As required for all separation techniques, ionic liquids exhibit selectivity towards one or more of the phases of a mixture. 1-Butyl-3-methylimidazolium hexafluorophosphate (BMIM-PF_{6}) is a room-temperature ionic liquid that was identified early on as a viable substitute for volatile organic solvents in liquid-liquid separations. Other [PF_{6}]- and [BF_{4}]- containing ionic liquids have been studied for their CO_{2} absorption properties, as well as 1-ethyl-3-methylimidazolium (EMIM) and unconventional cations like trihexyl(tetradecyl) phosphonium ([P_{66614}]). Selection of different anion and cation combinations in ionic liquids affects their selectivity and physical properties. Additionally, the organic cations in ionic liquids can be "tuned" by changing chain lengths or by substituting radicals. Finally, ionic liquids can be mixed with other ionic liquids, water, or amines to achieve different properties in terms of absorption capacity and heat of absorption. This tunability has led some to call ionic liquids "designer solvents." 1-butyl-3-propylamineimidazolium tetrafluoroborate was specifically developed for CO_{2} capture; it is designed to employ chemisorption to absorb CO_{2} and maintain efficiency under repeated absorption/regeneration cycles. Other ionic liquids have been simulated or experimentally tested for potential use as CO_{2} absorbents.

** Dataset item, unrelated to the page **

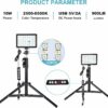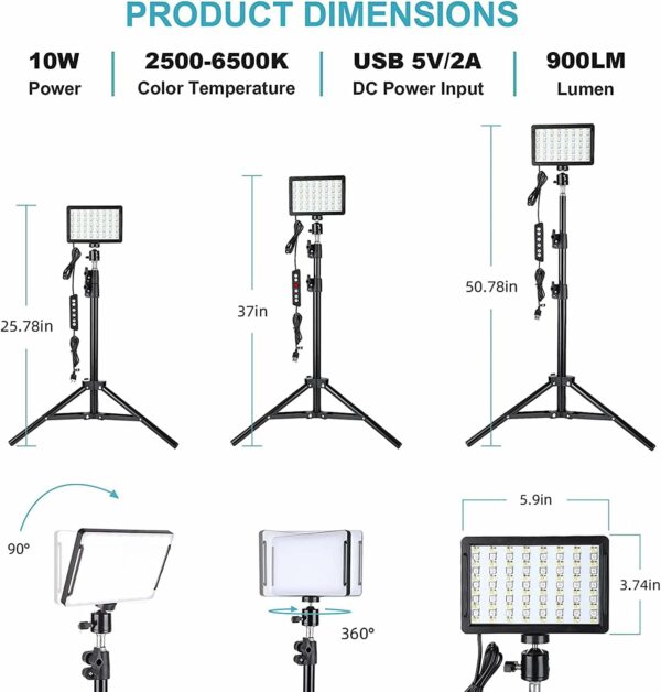 Extend Height: 25.78″-50.78″Light Panel Size : 5.9*3.74 in (15cm*9.5cm)Color temperature : 2500-6500 KLED Lifetime : 3000 HoursDimming : 10%-100%DC Power Input : USB 5V/2APower : 10WRA : ≥97Lumen : 900 LMLED Quantity: 136 pcs(Warm white 48pcs +White 48pcs +RGB 40pcs)Light Effect Mode : Warm white,white,RGB 7 Color and 5 scenes light effects(Candlelight, Police Car, Lightning, Fireworks, RGB Cyclic Strobe)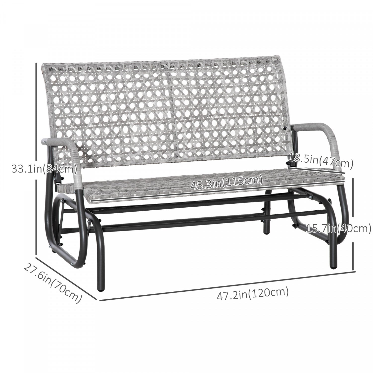 Renseignements supplémentaires | - Couleur : Rotin gris melange, cadre gris ; - Materiau : Acier, rotin PE ; - Dimension totale : 27.5 "L x 47.25 "W x 33 "H ; - Taille du siege : 45,25 "W x 18,5 "D ; - Hauteur du siege : 15,75" ; - Distance de balancement : 9.75" ; - Capacite de poids : 484lbs ; - Etiquette personnalisee : 867-109 ; |

== Proposed industrial applications ==
Currently, CO_{2} capture uses mostly amine-based absorption technologies, which are energy intensive and solvent intensive. Volatile organic compounds alone in chemical processes represent a multibillion-dollar industry. Therefore, ionic liquids offer an alternative that prove attractive should their other deficiencies be addressed.

During the capture process, the anion and cation play a crucial role in the dissolution of CO_{2}. Spectroscopic results suggest a favorable interaction between the anion and CO_{2}, wherein CO_{2} molecules preferentially attach to the anion. Furthermore, intermolecular forces, such as hydrogen bonds, van der Waals bonds, and electrostatic attraction, contributes to the solubility of CO_{2} in ionic liquids. This makes ionic liquids promising candidates for CO_{2} capture because the solubility of CO_{2} can be modeled accurately by the regular solubility theory (RST), which reduces operational costs in developing more sophisticated model to monitor the capture process.